I’m trying to implement a custom version of ReLU that requires a bit more logic. It looks something like this
class ReLU(torch.nn.Module): def __init__(self, in_features): super(ReLU, self).__init__() # Parameterization of the special ReLU layer self.lambdas = Parameter(torch.rand(in_features)) def forward(self, x): # compute some upper and lower bounds on the input rows bounds = map(row_bound, x) _, epsilon_id = x.shape # loop over rows for i, (l, u), lmb in zip(range(x.shape), bounds, self.lambdas): # check if the upper bound is <= 0 then the ReLU returns 0 if u <= 0: # Inplace op x[i] = x[i] * 0 # If the bounds cross 0 the ReLU implements some custom logic elif l < 0: x = torch.nn.ZeroPad2d((0, 1))(x) # Inplace op x[i] = x[i] * lmb if lmb >= u / (u - 1): # Inplace op x[i, epsilon_id] = -l * lmb / 2 else: # Inplace op x[i, epsilon_id] = u * (1 - lmb) # Inplace op x[i, 0] = x[i, 0] + x[i, epsilon_id] epsilon_id += 1 # If neither if branch ran the lower bound >= 0 and the ReLU returns identity return x
The input x comes in as an n by m tensor.

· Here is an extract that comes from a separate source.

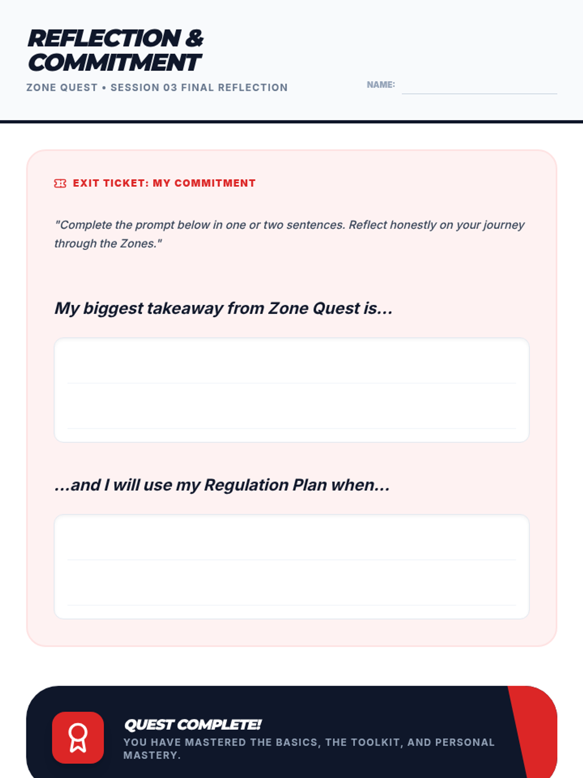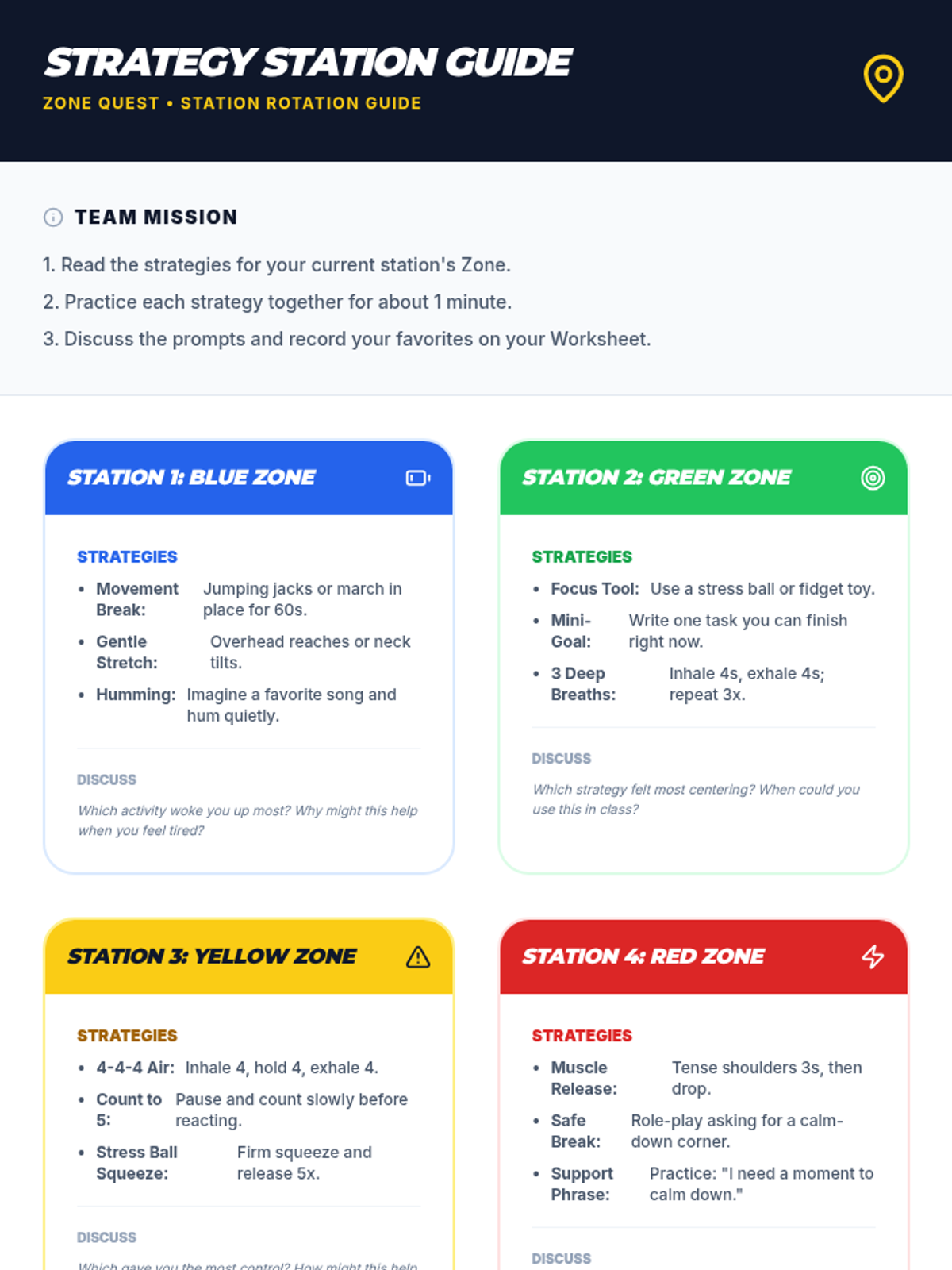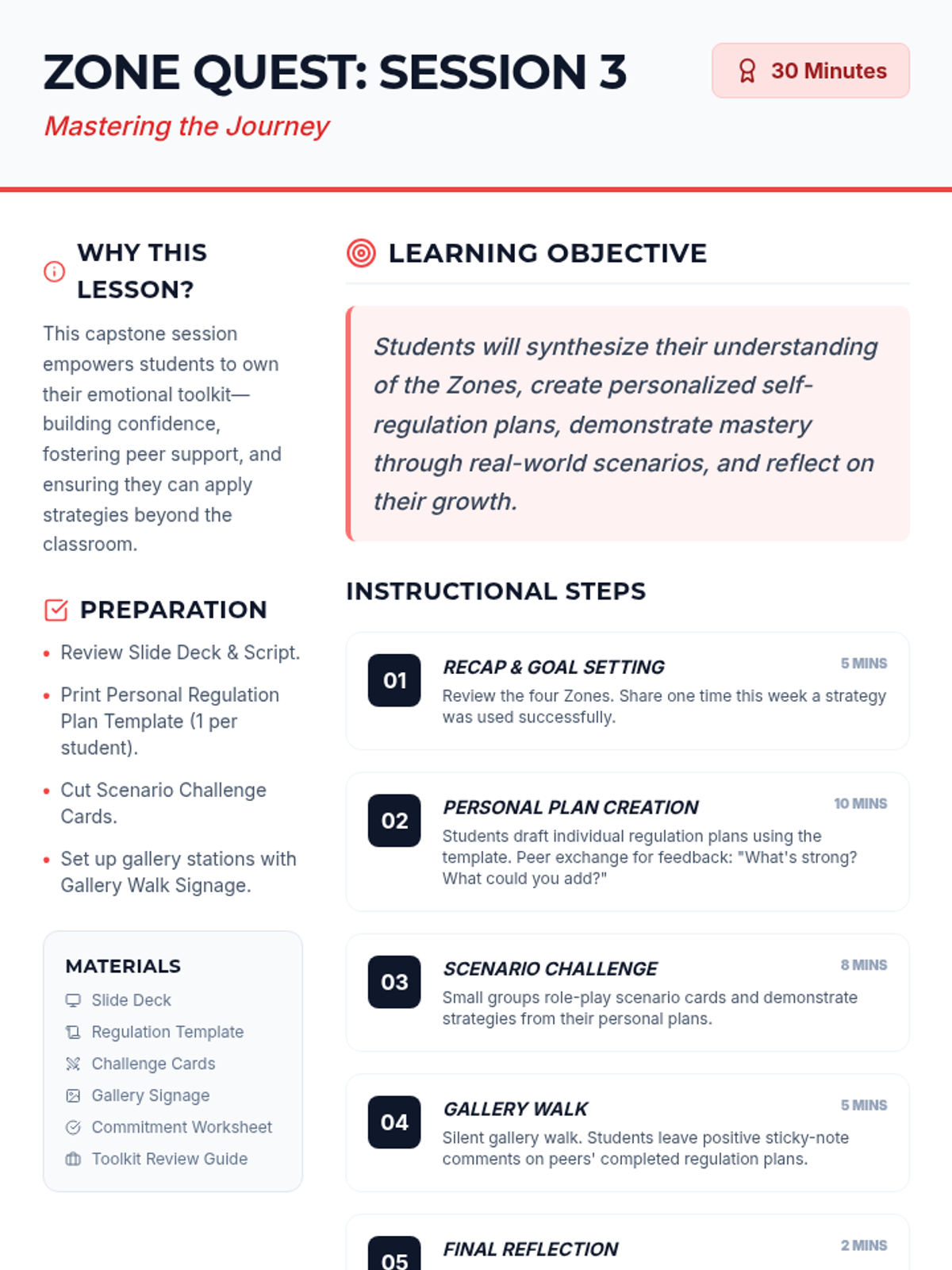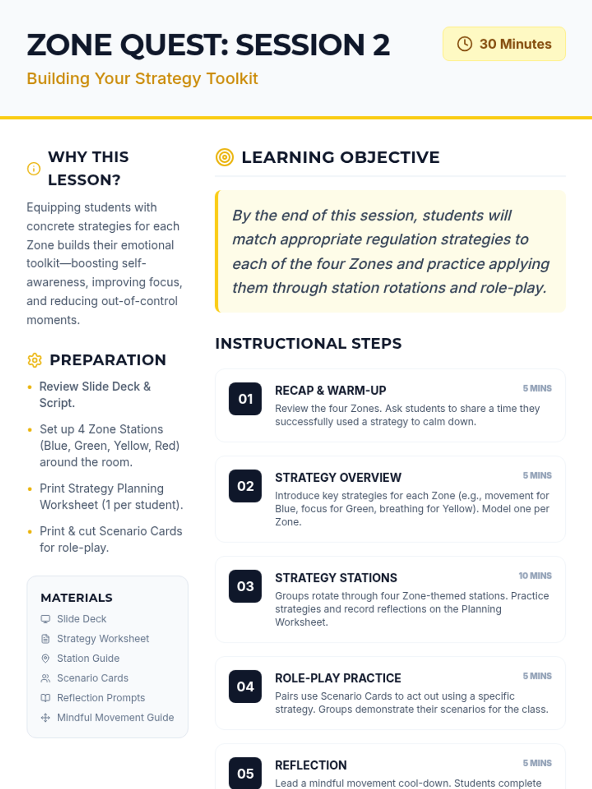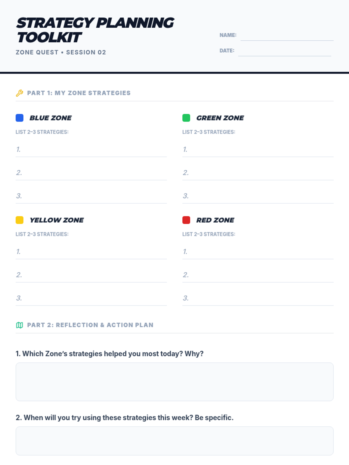 A 3-session journey for middle schoolers to understand and master the Zones of Regulation, building self-awareness and emotional management skills through interactive activities, games, and personal planning.

The forward pass first computes upper and lower bounds for each row, then based on those bounds it either zeroes that row, leaves it, or applies a bit more logic based on the layer parameters lambda.
The issue is I don’t know how to modify individual rows of x without performing in-place operations, and if I do those operations I get frequent errors doing backpropagation to learn the layer parameters.
x[i] = x[i] * lmb
RuntimeError: one of the variables needed for gradient computation has been modified by an inplace operation: [torch.FloatTensor ] is at version 3; expected version 0 instead. Hint: the backtrace further above shows the operation that failed to compute its gradient. The variable in question was changed in there or anywhere later. Good luck!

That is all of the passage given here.